Exercise requirements:
Below are records; extract exactly the lines from the one containing "道路側ではない、2階上がり段" through the last, both included, and keep the pictures out.

Information provided:

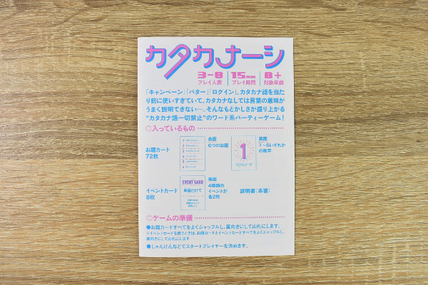 試しに引いてみたカードには、「イベント」「コンテスト」「トークショー」「セミナー」「キャンペーン」「サービス」という言葉が1~6の順番に並んでいました。次の山札の数字が「4」だったので、4番目の「セミナー」がお題となります。あとはスタートしたプレイヤーがカタカナを使わず、他のプレイヤーにお題を伝えるだけ。
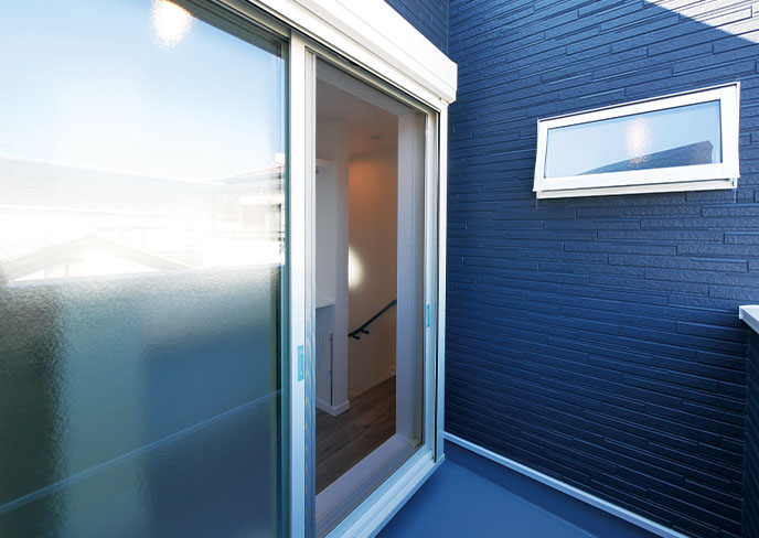 道路側ではない、2階上がり段部分に廊下から出入りできるバルコニーを設置。バルコニーを囲うように廊下が走っているので、そのスペースも含め、物干しとして有意義にご活用頂けます。
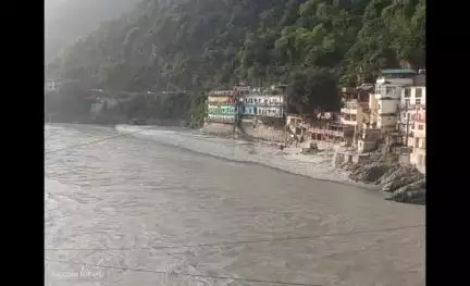 रुद्रप्रयाग: रुद्रप्रयाग में अलकनंदा नदी अपने बहाव क्षेत्र में बहने लगी, घाट मलबे से दबे
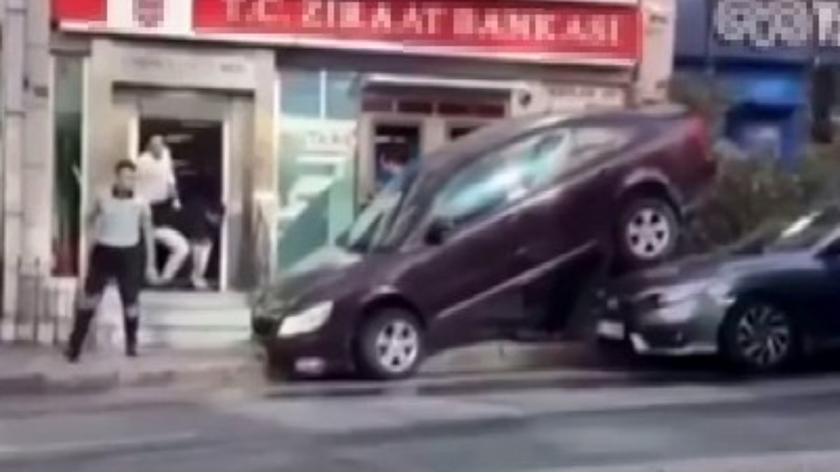 Bir anda gaza yüklenen sürücü, arkasında park halinde bulunan bir başka aracın üzerine çıktı.
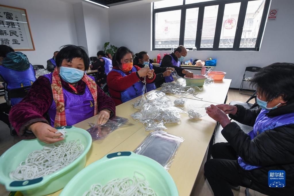 2月22日,在湖州市織里鎮港西村殘疾人之家,來(lái)自周邊的殘疾人(包括精神殘疾、智力殘疾和肢體殘疾)正在打包配件。完成工作后,他們可以獲得相應報酬和補貼。

Solution:
 道路側ではない、2階上がり段部分に廊下から出入りできるバルコニーを設置。バルコニーを囲うように廊下が走っているので、そのスペースも含め、物干しとして有意義にご活用頂けます。
 रुद्रप्रयाग: रुद्रप्रयाग में अलकनंदा नदी अपने बहाव क्षेत्र में बहने लगी, घाट मलबे से दबे
 Bir anda gaza yüklenen sürücü, arkasında park halinde bulunan bir başka aracın üzerine çıktı.
 2月22日,在湖州市織里鎮港西村殘疾人之家,來(lái)自周邊的殘疾人(包括精神殘疾、智力殘疾和肢體殘疾)正在打包配件。完成工作后,他們可以獲得相應報酬和補貼。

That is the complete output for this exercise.